RIYADH (Reuters) - Gulf Arab states said on Thursday that a Russian proposal to place Syria's chemical weapons under international control with the aim of averting a U.S. strike would not end the bloodshed in Syria.
The Sunni Muslim-led Gulf Cooperation Council, which comprises Saudi Arabia, Kuwait, Qatar, the United Arab Emirates and Oman alongside the current chairman Bahrain, is a main backer of rebels fighting Syrian President Bashar al-Assad.
The Russian proposal, accepted by Damascus, aims to prevent the United States launching an attack on Syria to punish it for a chemical weapons attack that killed hundreds of civilians.
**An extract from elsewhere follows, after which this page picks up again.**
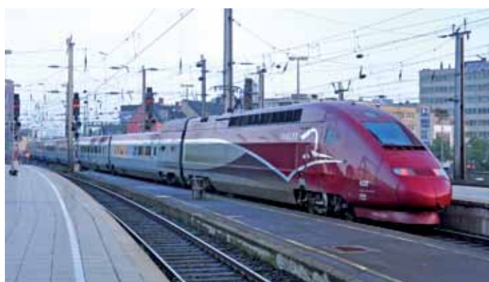
Pociąg TGV Thalys PBKA nr 4332 na stacji Köln Hbf. (29.09.2010 r.)

(mieć większy przekrój) ze względu na to, że przy napięciu stałym płynie prąd o kilkakrotnie większym natężeniu (zakładając podobną moc, jaką zamierza się uzyskać na pantografie), w porównaniu z prądem przemiennym. Zjawisko to tłumaczą dwa wzory:
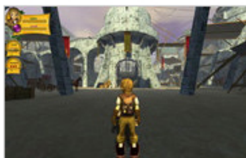
In Asban angekommen

Je weiter das Zaubhafte Trillion erkundet wird, desto mehr Charaktere kommen ins Spiel. Sind die Tore von Asban Stadt überwunden warten die ersten Ronger-Piraten auf die Gegenspieler Godrons . Diese ungemütlichen Zeitgenossen versperren hier und da den Weg und müssen durch kämpferische Auseinandersetzungen weichen. Auch Waldelfen und Gnome stehen auf der Seite des Magiers und müssen mit dem funkensprühenden Zauberstab oder dem Schwert vom Gegenteil überzeugt werden.

"We've heard of the initiative," Bahraini Foreign Minister Sheikh Khaled bin Ahmed al-Khalifa told a news conference after a meeting of the GCC, in the Gulf Arabs' first response.
"It's all about chemical weapons, but doesn't stop the spilling of the blood of the Syrian people."
In an address at the start of the meeting, Khalifa called for "appropriate deterrent measures against those who committed this crime" and said the chemical attack required "the United Nations and the international community, represented by the Security Council, to shoulder its responsibility".
The Gulf Arab states have been among the strongest proponents of intervention against Assad, who is backed by Shi'ite Iran, their main rival for influence in the region.
The United States has accused Assad of responsibility for last month's attack on Damascus suburbs. He denies any links.